A mitad de viaje el barco volvió a encallara en un enorme banco de arena, asique tuvimos que realizar el mismo proceso, cuando Alex decía a popa, pues a popa corríamos todos, luego a proa, babor y a estribor, pero por muchos esfuerzos que hacíamos el velero no salía, pues esta vez la quilla parecía estar muy enterrada. La única solución era tirarnos todos al agua para reducir el peso. Tras dudar un poco, pues chapotear en aquellas aguas para nadie se hacia un plato de buen gusto, uno tras otro fuimos tirándonos al rio Cassamance. Nos enganchamos en el cayac porque el agua tenía mucha corriente y nos arrastraba.
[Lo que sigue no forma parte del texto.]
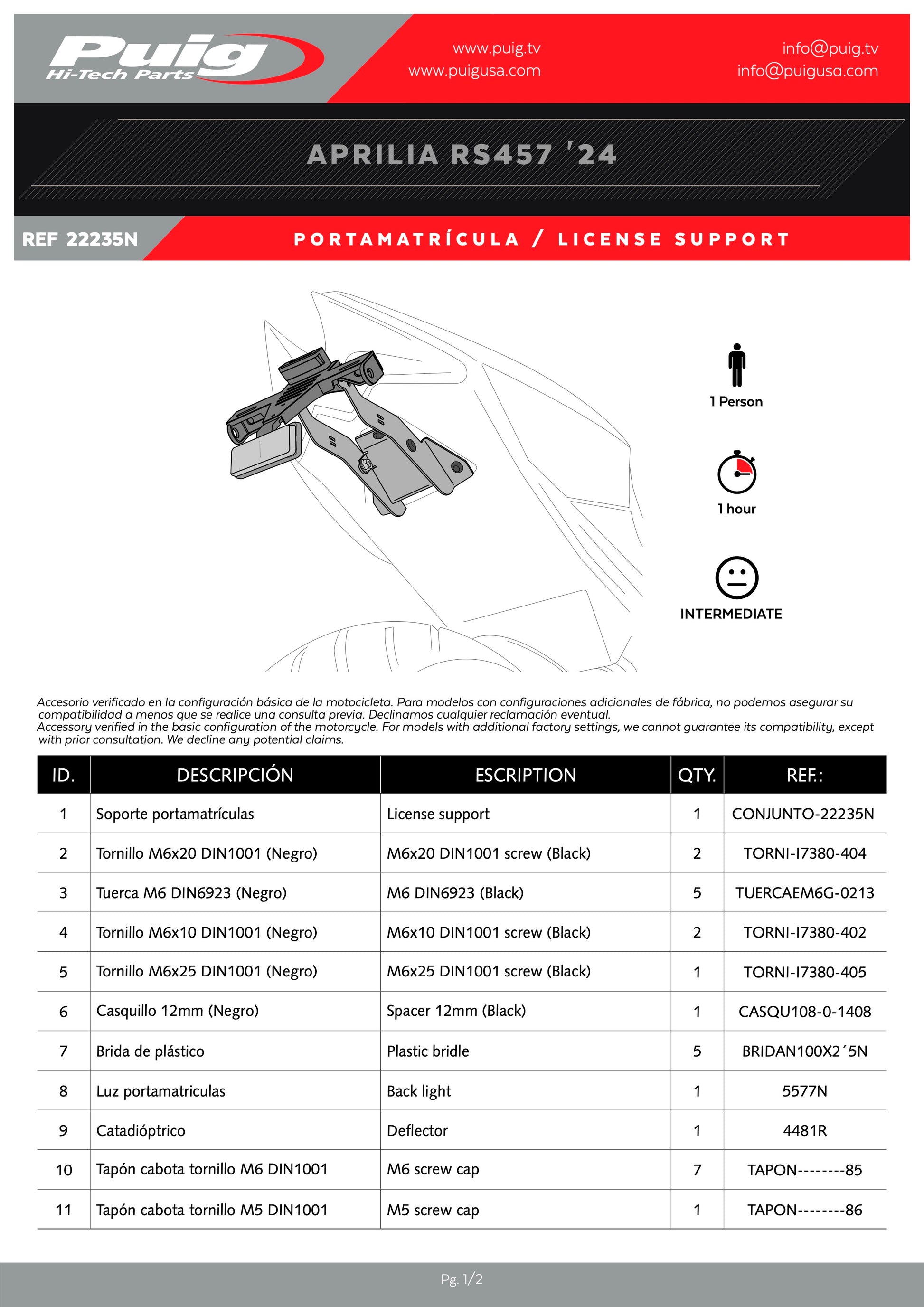 Puig License Plate Holders APRILIA RS 457 2024-2025

No sé cuanto duró el proceso, pero a mí se me hizo eterno. Después del remojón y una vez el velero fuera del banco continuamos la travesía con tranquilidad, acompañados de unos cuantos delfines que de vez en cuando se acercaban para juguetear. Así llegamos a Zinguinchor, donde nos despedimos de Alex, Neus y Abraham, pues a nosotros aún nos quedaban unas tres horitas de viaje hasta llegar a casa.
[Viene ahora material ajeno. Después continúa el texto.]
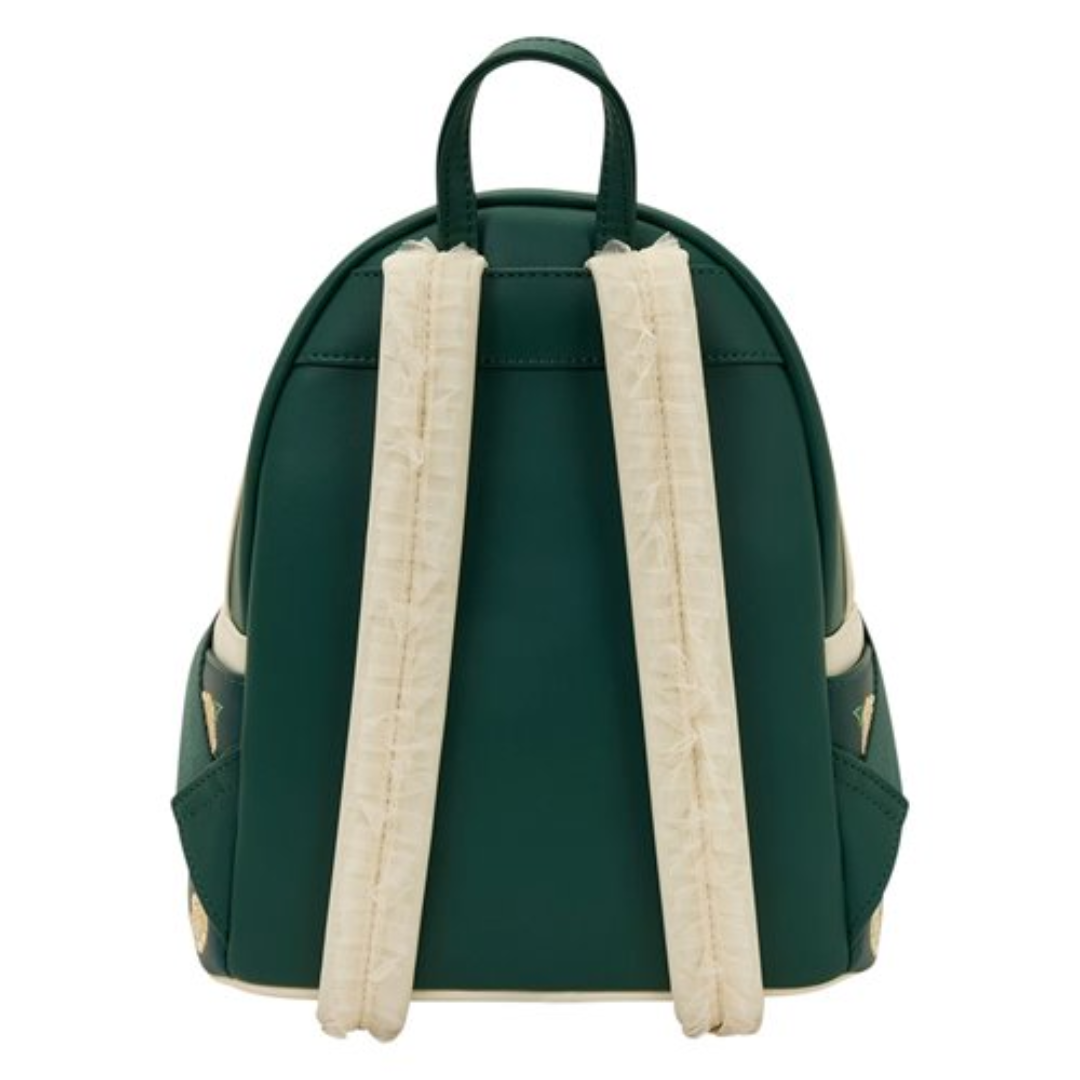 Esta mini mochila inspirada en Bridgerton es puro romance y sofisticación. Su diseño combina delicados estampados florales en todo el frente y laterales, con un encantador detalle central: una silueta enmarcada en un elegante marco dorado que roba todas las miradas. Además, los tirantes con tul le aportan un toque etéreo y distinguido.

Cogimos como de costumbre un transporte que nos prometió dejarnos en Bissorã pero cuando llegamos a Bula a 1h de nuestra ciudad, el coche paró y no quiso continuar, nosotros nos negábamos a salir pues ese no había sido el trato y a esas horas nos iba a costar mucho encontrar transporte hasta Bissorã. Al final vimos una candonga y nos subimos a ella, se había hecho de noche esperando a que la furgoneta se llenara de pasajeros. A mitad de camino las luces de la camioneta se apagaron, no se veía absolutamente nada, pero el coche continuaba andando a toda velocidad. Comenzamos a gritar pues aquello era realmente peligroso. Los caminos están llenos de personas y animales que van de un lado a otro, además de que nosotros éramos un punto negro en la carretera y cualquier coche nos hubiera podido llevar por delante. Gritábamos para para!! Pero el coche continuo andando en la completa oscuridad unos cuantos metros, hasta que paró y en pocos minutos arregló la avería. Fue un gran susto pero llegamos a Bissorã sanos y salvos después de un increíble viaje por el sur de Senegal.